Advanced & Administrator Options

Here you can scan inside archives or use informal methods for detecting spyware (basically leaving it up to Defender to decide what is and what is not Spyware). You can also exclude certain drives or folders that you don’t want to scan. I would recommend you scan any drive or folder on your system since Spyware seems to have a way of hiding it self anywhere possible. Scanning supports both Administrator and Standard accounts, alerts users of system changes or detection of malicious software. Users will be pleased to find out that there is integration with Windows Update for the latest definitions. Network Administrators will also be able to manage and distribute updates using Windows Software Update Services (WSUS) in networked environments. Windows Defender in Windows Vista also manages applications that startup up with the system. Some drawbacks to General Settings is the long scroll process to find the desired option. I wish all the options were collapsible/expandable listings. Overall, the options are many and detailed. There is also a Security Center listing for Windows Defender, which provides a centralized location for management along with other Security utilities such as Antivirus and Firewall.

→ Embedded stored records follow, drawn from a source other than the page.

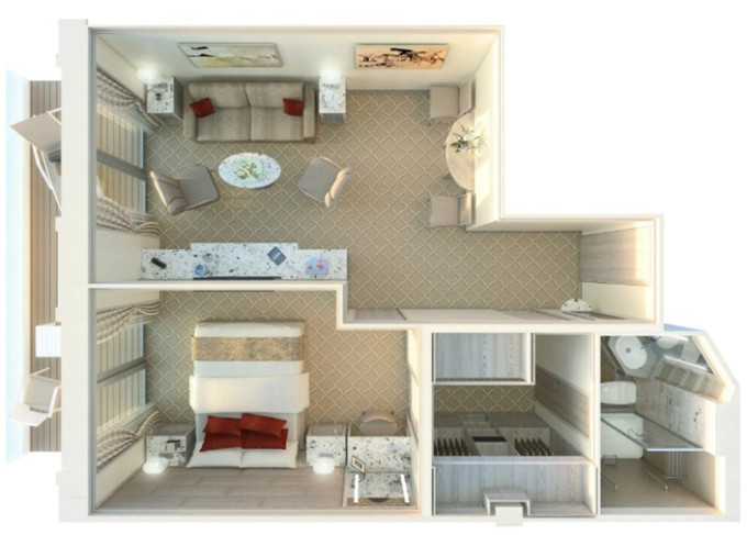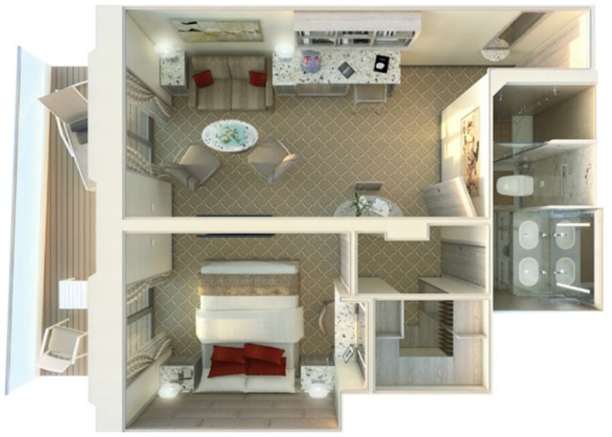 O1 - Owner's Suite 1 47 m² + balkón 8 m². 7. paluba stred. Max 3 osoby. 77 600 € 77 600 € za osobu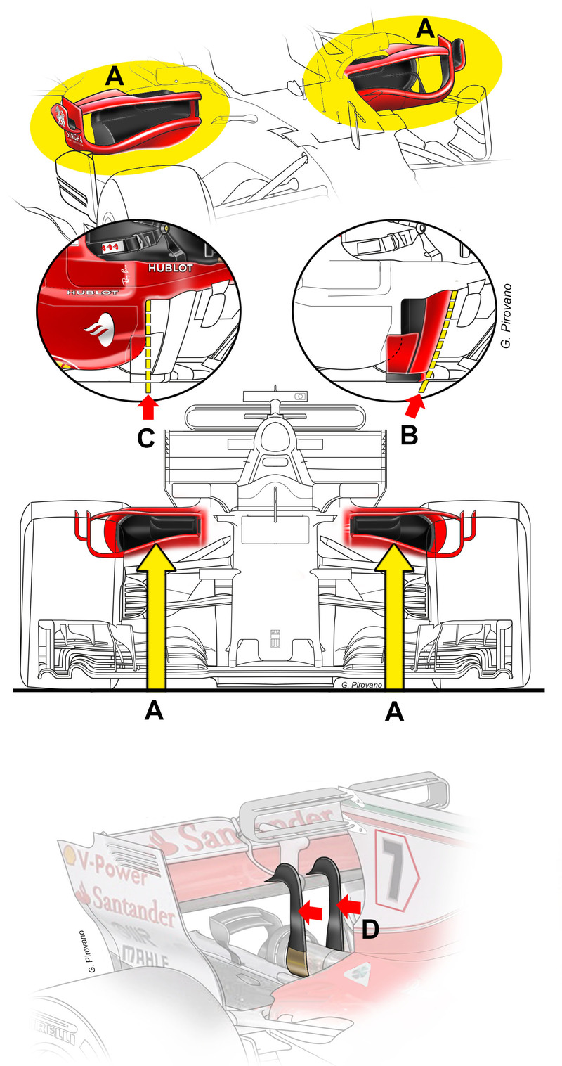 L’halo, inoltre, avrà un influsso negativo sull’efficienza aerodinamica delle monoposto: i team hanno sviluppato delle soluzioni per mitigarne, almeno in parte, l’effetto deleterio sulla performance del propulsore e sull’efficacia dell’ala posteriore, canalizzando meglio i flussi, per quanto concesso dal regolamento tecnico.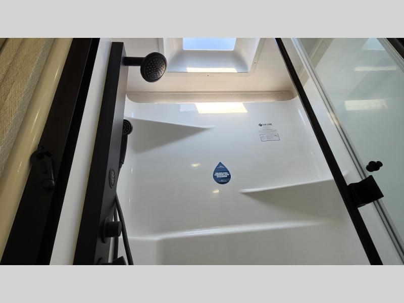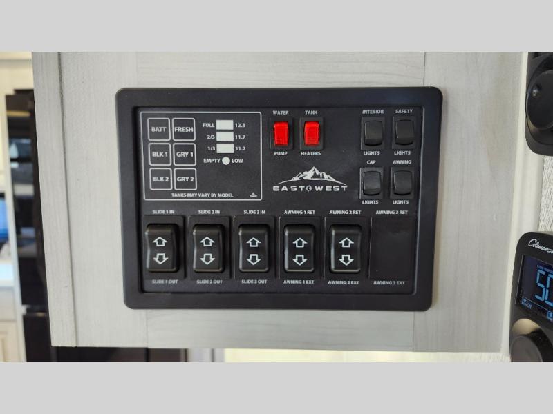 There is just too much luxury to name on the EAST TO WEST Ahara fifth wheel! These units are quite impressive, and once you see them, you'll know what we mean. The Ahara first grabs your attention with its hi-gloss gel-coated fiberglass exterior which showcases two power awnings with LED lights, an LP quick connect, an exterior cable/satellite hookup, and a universal all-in-one docking station. For towing, you'll find a MORryde CRE 3000 suspension, Dexter Gladiator thick-wall 7,000-LB axles with Nev-R-Adjust brakes, and preparations for a rearview camera. Traveling during all seasons is also made easy with the high-efficiency triple A/C system, a 40,000 BTU high-capacity furnace, a heated, insulated, and enclosed underbelly and dump valves with circulating heat, and Radiant Technology Composites insulation in the roof, front cap, and underbelly.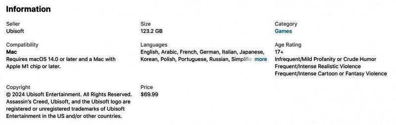 最近有玩家发现苹果商店列出了《刺客信条:影》Mac版容量大小——123GB。官方称会充分利用Apple芯片强大威力,为Mac带来高帧率、高分辨率体验。支持光线追踪,有更绚丽的视觉效果。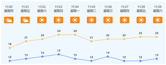 11月22日至23日,晴朗干燥,气温分别逐日升至14℃~22℃、15℃~24℃;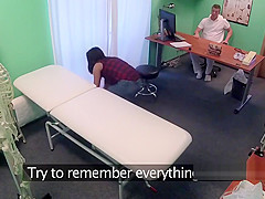Kind doctor bangs hot brunette hair patient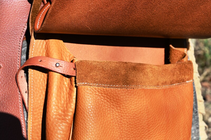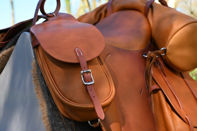 La selle de randonnée avec son arçon rallongé, couplé à un grand nombre de points d’attache permet de les arrimer bien plus facilement et efficacement que sur une selle dédiée à un autre usage.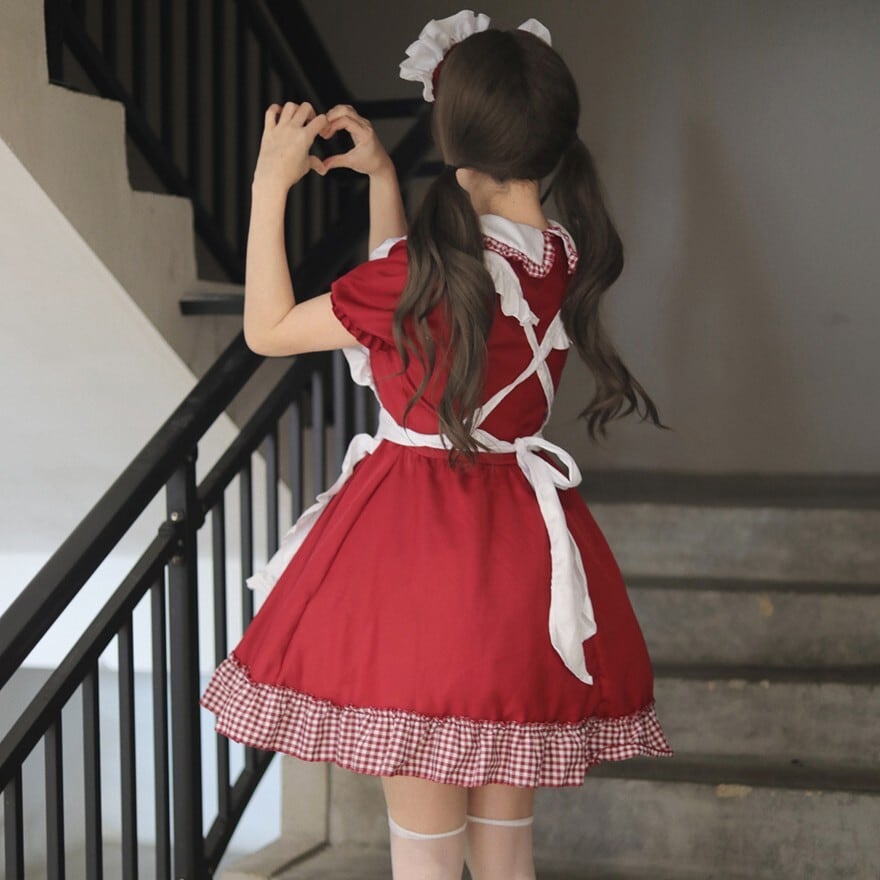 コスプレ メイドワンピ チェック柄 コンカフェキャスト衣装 クリスマスパーティ イベント衣装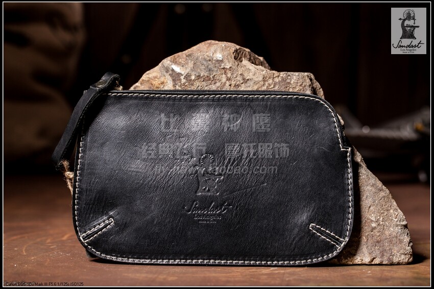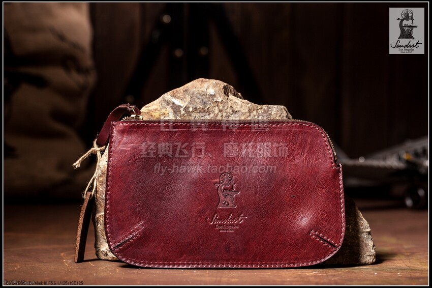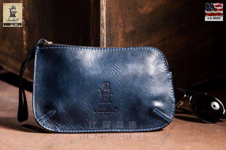 Sandast American handmade Horween cowhide retro mobile phone sundries document handbag pipe smoking bag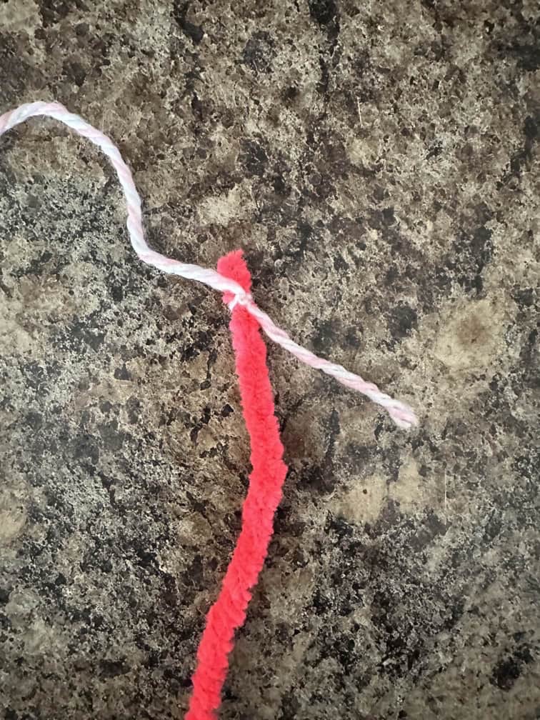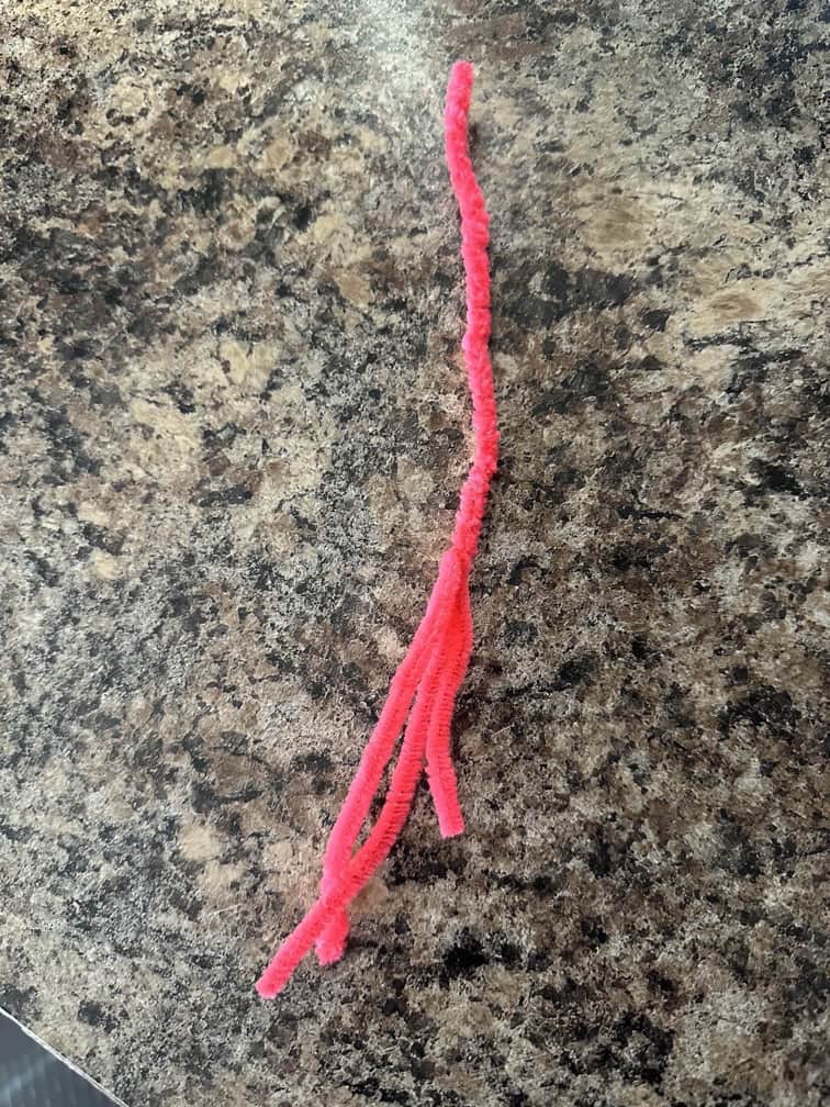 Now let’s get started! First take three pipe cleaners about 12 inches long (this measurement is just a starting point and doesn’t matter too much since we will be cutting these to size later anyway)

Microsoft Spynet Community

Coming over from the GIANT acquisition is the Spynet Community, which allows users to register and become a part of a group of fellow users who help classify unknown spyware that is not yet classified as a risk by Windows Defender. There are two tiers for becoming a member, Basic and Advanced, you can also opt not to join the community. This aspect of Defender shows that Security is an ongoing process and gives users the opportunity to become a part of that fight against spyware.

Software Explorer

A very cool component in Windows Defender, this allows you to manage how applications run, whether access the Internet or Network connection or end a process. To access software Explorer though you need to have Administrative Rights, it’s almost like an improved Task Manager with more customization in it. Basic information about applications is also displayed in the right Pane. There you can see how the application starts up from which path on the system whether it’s in the Registry or Windows Start-up folder. If it was installed with Windows, there is a classification to see if it was analyzed for security risk or digitally signed to ensure that the application is completely safe to run on the system.

Users will be pleased by Windows Defenders easy to use interface, which makes navigating and managing the application a great experience. The Spynet Community is also a great way for users to get additional information and share their experiences so that they can help to further improve the products detection of spyware, which is superb so far. Integration with Windows through Windows Update and Internet Explorer make it a necessary part of the security experience that improves the overall experience and strengthens confidence in the Windows platform.